─── Input data

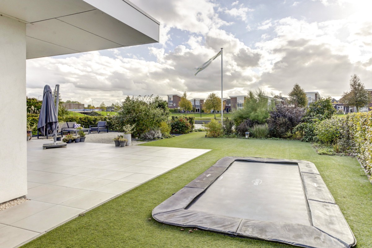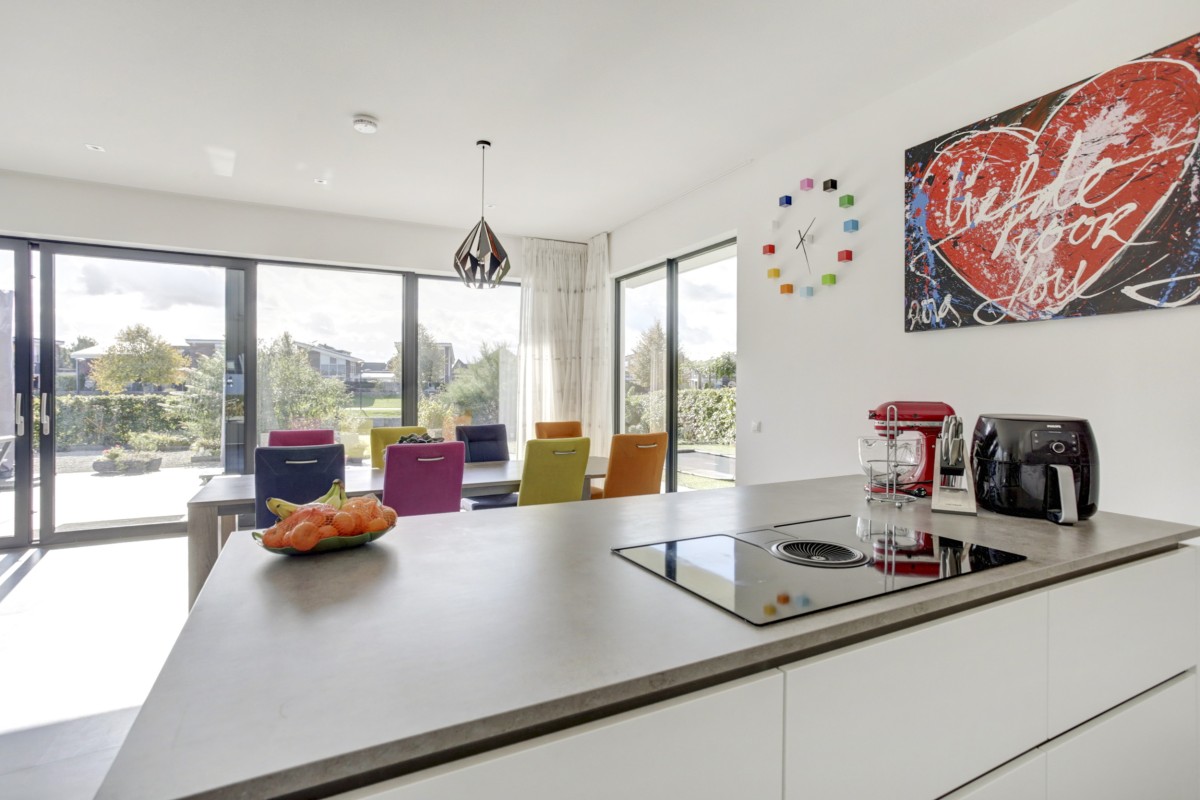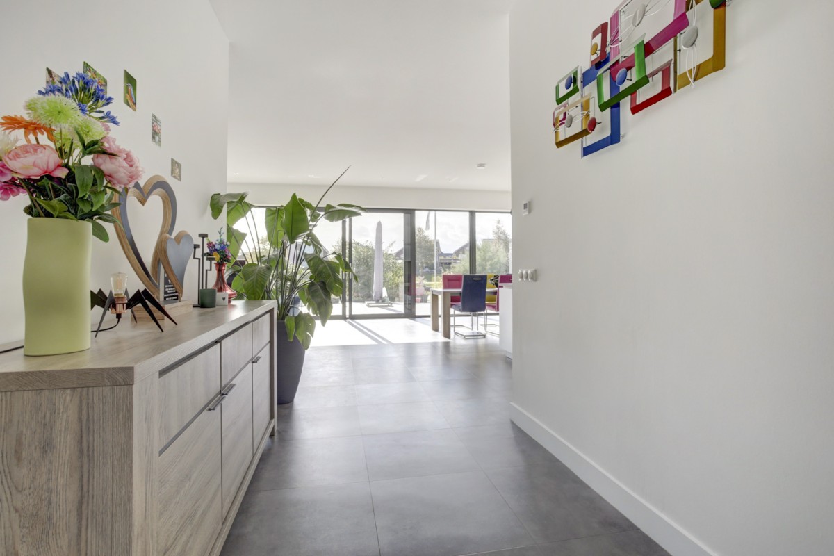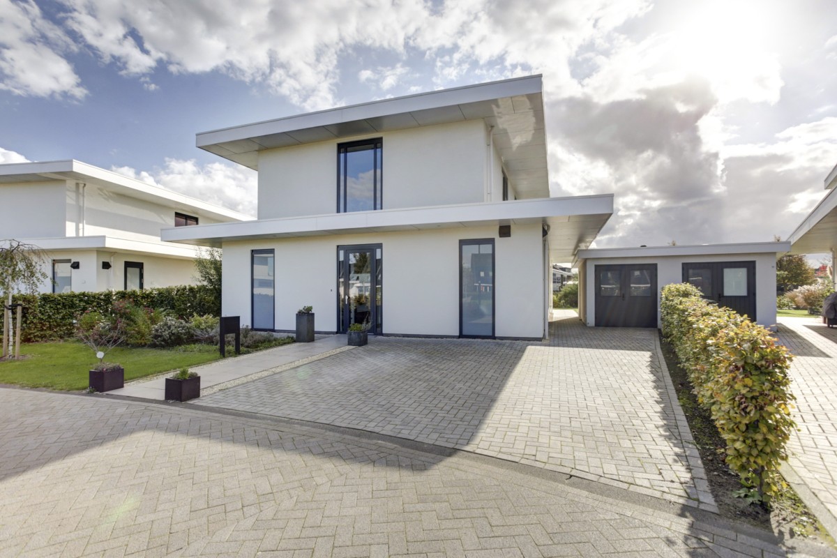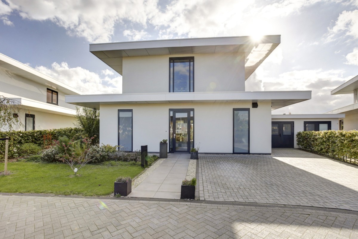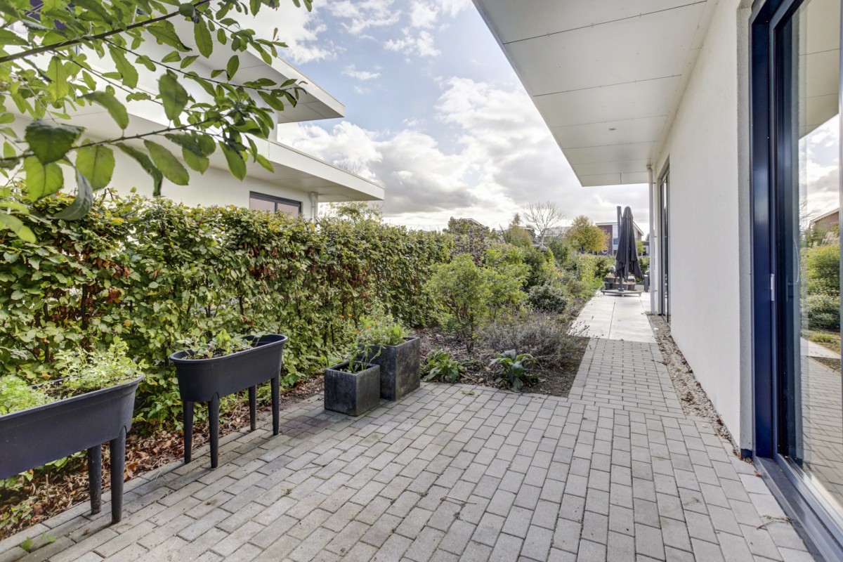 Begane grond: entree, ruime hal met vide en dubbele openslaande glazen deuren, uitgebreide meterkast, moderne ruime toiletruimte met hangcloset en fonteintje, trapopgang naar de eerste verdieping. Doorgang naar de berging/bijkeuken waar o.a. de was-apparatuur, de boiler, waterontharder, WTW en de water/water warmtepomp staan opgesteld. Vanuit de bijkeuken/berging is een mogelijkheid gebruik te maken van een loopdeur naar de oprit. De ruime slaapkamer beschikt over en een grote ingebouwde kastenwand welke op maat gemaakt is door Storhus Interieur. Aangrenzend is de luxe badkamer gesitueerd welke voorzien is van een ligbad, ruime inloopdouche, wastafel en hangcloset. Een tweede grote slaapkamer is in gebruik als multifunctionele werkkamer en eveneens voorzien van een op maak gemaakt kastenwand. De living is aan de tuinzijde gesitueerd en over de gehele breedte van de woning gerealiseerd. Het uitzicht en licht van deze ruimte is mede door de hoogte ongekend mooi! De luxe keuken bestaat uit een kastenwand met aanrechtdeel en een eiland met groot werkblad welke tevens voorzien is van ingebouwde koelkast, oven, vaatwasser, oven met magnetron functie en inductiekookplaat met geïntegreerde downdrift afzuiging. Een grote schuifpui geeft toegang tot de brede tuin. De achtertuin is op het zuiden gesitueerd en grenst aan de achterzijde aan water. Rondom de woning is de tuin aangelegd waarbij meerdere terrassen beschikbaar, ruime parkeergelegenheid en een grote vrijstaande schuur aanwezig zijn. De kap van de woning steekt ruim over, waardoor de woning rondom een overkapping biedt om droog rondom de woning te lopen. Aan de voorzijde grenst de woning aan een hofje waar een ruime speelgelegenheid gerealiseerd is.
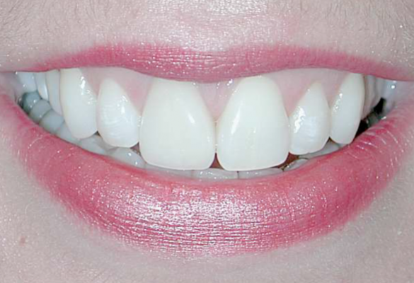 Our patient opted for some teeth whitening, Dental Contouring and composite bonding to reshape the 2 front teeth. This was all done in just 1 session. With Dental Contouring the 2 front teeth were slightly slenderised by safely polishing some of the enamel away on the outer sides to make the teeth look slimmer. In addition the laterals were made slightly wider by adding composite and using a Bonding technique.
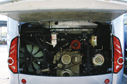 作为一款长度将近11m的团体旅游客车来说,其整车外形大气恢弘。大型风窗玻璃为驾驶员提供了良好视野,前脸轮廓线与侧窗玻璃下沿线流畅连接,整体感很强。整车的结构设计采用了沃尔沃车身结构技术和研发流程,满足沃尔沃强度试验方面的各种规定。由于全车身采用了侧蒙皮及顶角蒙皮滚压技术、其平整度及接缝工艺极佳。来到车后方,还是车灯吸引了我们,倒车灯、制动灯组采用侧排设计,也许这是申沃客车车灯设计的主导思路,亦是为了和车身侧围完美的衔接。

──────

The whole listing must be restated word for word. Leave out any pictures.

**Response**
 Begane grond: entree, ruime hal met vide en dubbele openslaande glazen deuren, uitgebreide meterkast, moderne ruime toiletruimte met hangcloset en fonteintje, trapopgang naar de eerste verdieping. Doorgang naar de berging/bijkeuken waar o.a. de was-apparatuur, de boiler, waterontharder, WTW en de water/water warmtepomp staan opgesteld. Vanuit de bijkeuken/berging is een mogelijkheid gebruik te maken van een loopdeur naar de oprit. De ruime slaapkamer beschikt over en een grote ingebouwde kastenwand welke op maat gemaakt is door Storhus Interieur. Aangrenzend is de luxe badkamer gesitueerd welke voorzien is van een ligbad, ruime inloopdouche, wastafel en hangcloset. Een tweede grote slaapkamer is in gebruik als multifunctionele werkkamer en eveneens voorzien van een op maak gemaakt kastenwand. De living is aan de tuinzijde gesitueerd en over de gehele breedte van de woning gerealiseerd. Het uitzicht en licht van deze ruimte is mede door de hoogte ongekend mooi! De luxe keuken bestaat uit een kastenwand met aanrechtdeel en een eiland met groot werkblad welke tevens voorzien is van ingebouwde koelkast, oven, vaatwasser, oven met magnetron functie en inductiekookplaat met geïntegreerde downdrift afzuiging. Een grote schuifpui geeft toegang tot de brede tuin. De achtertuin is op het zuiden gesitueerd en grenst aan de achterzijde aan water. Rondom de woning is de tuin aangelegd waarbij meerdere terrassen beschikbaar, ruime parkeergelegenheid en een grote vrijstaande schuur aanwezig zijn. De kap van de woning steekt ruim over, waardoor de woning rondom een overkapping biedt om droog rondom de woning te lopen. Aan de voorzijde grenst de woning aan een hofje waar een ruime speelgelegenheid gerealiseerd is.
 Our patient opted for some teeth whitening, Dental Contouring and composite bonding to reshape the 2 front teeth. This was all done in just 1 session. With Dental Contouring the 2 front teeth were slightly slenderised by safely polishing some of the enamel away on the outer sides to make the teeth look slimmer. In addition the laterals were made slightly wider by adding composite and using a Bonding technique.
 作为一款长度将近11m的团体旅游客车来说,其整车外形大气恢弘。大型风窗玻璃为驾驶员提供了良好视野,前脸轮廓线与侧窗玻璃下沿线流畅连接,整体感很强。整车的结构设计采用了沃尔沃车身结构技术和研发流程,满足沃尔沃强度试验方面的各种规定。由于全车身采用了侧蒙皮及顶角蒙皮滚压技术、其平整度及接缝工艺极佳。来到车后方,还是车灯吸引了我们,倒车灯、制动灯组采用侧排设计,也许这是申沃客车车灯设计的主导思路,亦是为了和车身侧围完美的衔接。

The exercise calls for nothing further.